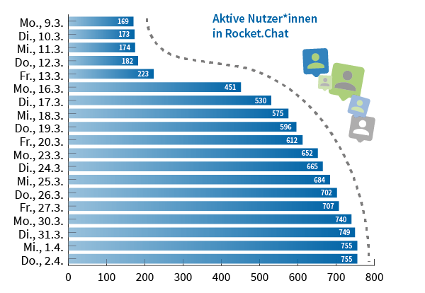 Der Zuwachs bei den aktiven Nutzer*innen in Rocket.Chat ist weiterhin moderat. Er betrug in der Woche von 27.03. bis 02.04. rund 7 Prozent (von 702 auf 755 Personen).
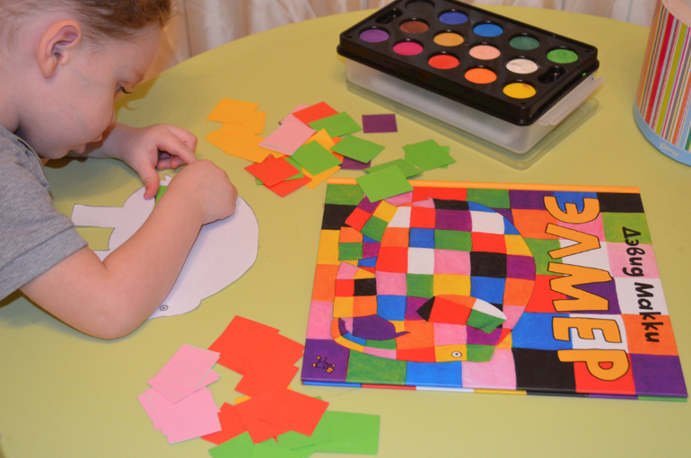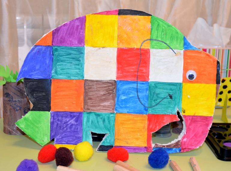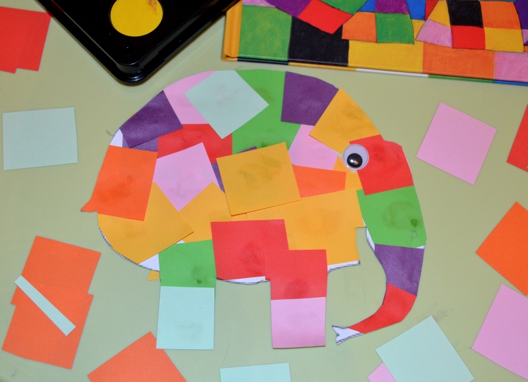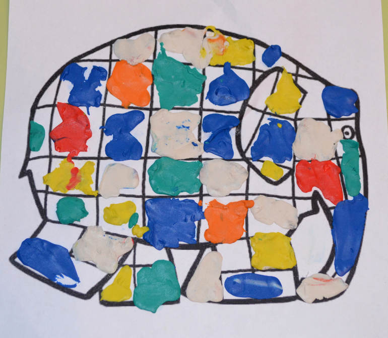 для начала вечером нас встретил Элмер из пенопласта, картона не оказалось в доме, а вот пенопласта полно. на обычном листе нарисовала, раскрасила, приклеила на ПВА, вырезала острым ножом и вуаля, вполне себе приличный слоник
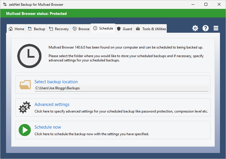 Have a look at the screenshots to get a first impression of what working with zebNet Backup for Mullvad Browser looks like. Each image is only a thumbnail and you can click on an image to enlarge it.
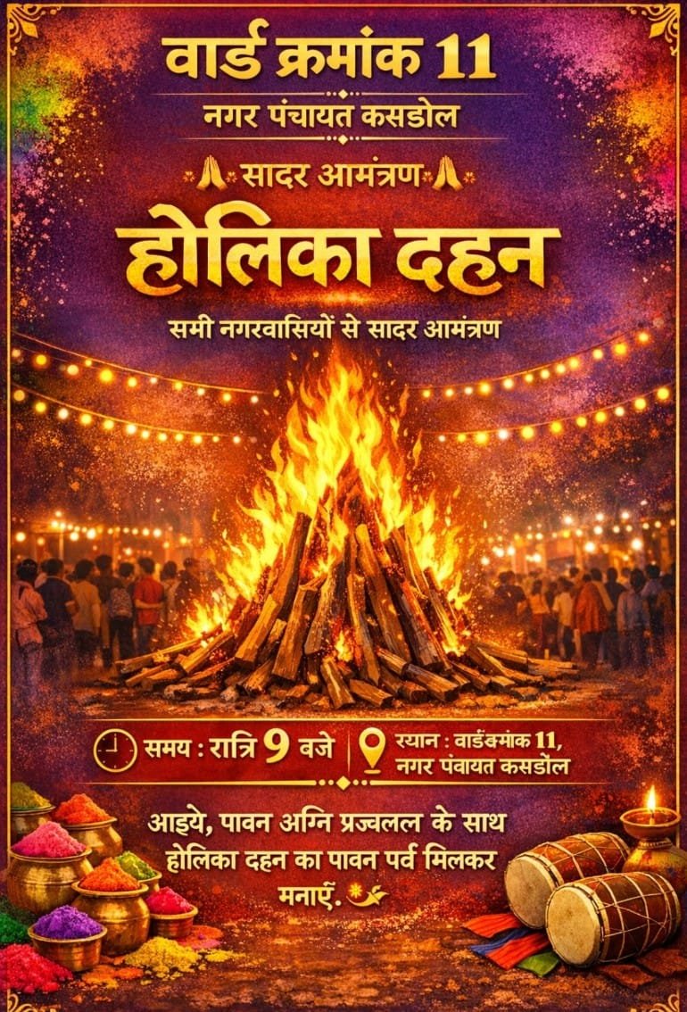 इस प्रकार नगर पंचायत कसडोल के वार्ड क्रमांक 11 में सम्पन्न होगा होलिका दहन कार्यक्रम न केवल धार्मिक आस्था का प्रतीक बना, बल्कि सामाजिक एकता और सामुदायिक सद्भाव का भी प्रेरक उदाहरण प्रस्तुत हैं
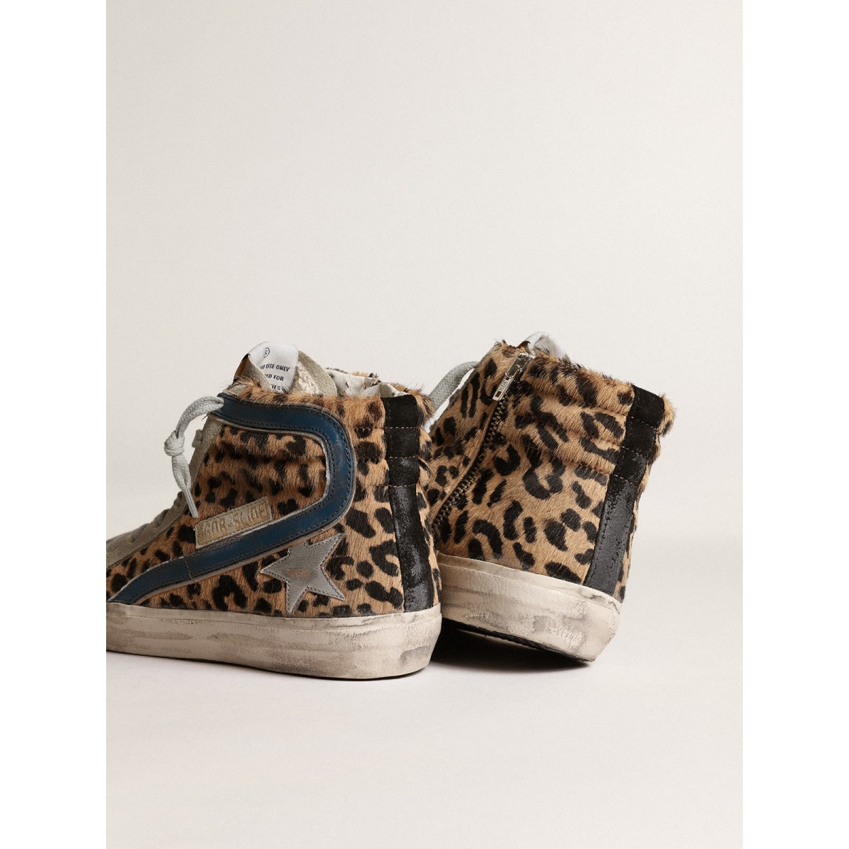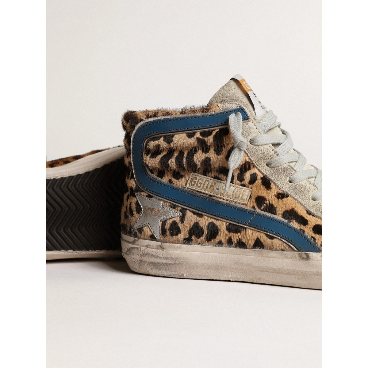 Skate -Seele, glamouröse Haltung. Unsere Rutschen -Turnschuhe bringen Sie direkt nach Venice Beach zwischen einem Ollie und einem Kickflip. Dieses Modell mit einem oberen oberen Leoparden-Print-Pony-Haut verfügt über einen silbernen metallischen Lederstern und einen Benzinblauen-Lederblitz mit silbernen Metallic Lederkanten. Wildledereinsätze, einschließlich der Eiszunge und der schwarzen Fersenlasche, und der Eisgrau-Schnürsenkel fügen den Finishing Touch hinzu. P>
==============================
[Brief]
The full listing, reproduced exactly and without pictures, is the expected output.

[Your solution]
 Der Zuwachs bei den aktiven Nutzer*innen in Rocket.Chat ist weiterhin moderat. Er betrug in der Woche von 27.03. bis 02.04. rund 7 Prozent (von 702 auf 755 Personen).
 для начала вечером нас встретил Элмер из пенопласта, картона не оказалось в доме, а вот пенопласта полно. на обычном листе нарисовала, раскрасила, приклеила на ПВА, вырезала острым ножом и вуаля, вполне себе приличный слоник
 Have a look at the screenshots to get a first impression of what working with zebNet Backup for Mullvad Browser looks like. Each image is only a thumbnail and you can click on an image to enlarge it.
 इस प्रकार नगर पंचायत कसडोल के वार्ड क्रमांक 11 में सम्पन्न होगा होलिका दहन कार्यक्रम न केवल धार्मिक आस्था का प्रतीक बना, बल्कि सामाजिक एकता और सामुदायिक सद्भाव का भी प्रेरक उदाहरण प्रस्तुत हैं
 Skate -Seele, glamouröse Haltung. Unsere Rutschen -Turnschuhe bringen Sie direkt nach Venice Beach zwischen einem Ollie und einem Kickflip. Dieses Modell mit einem oberen oberen Leoparden-Print-Pony-Haut verfügt über einen silbernen metallischen Lederstern und einen Benzinblauen-Lederblitz mit silbernen Metallic Lederkanten. Wildledereinsätze, einschließlich der Eiszunge und der schwarzen Fersenlasche, und der Eisgrau-Schnürsenkel fügen den Finishing Touch hinzu. P>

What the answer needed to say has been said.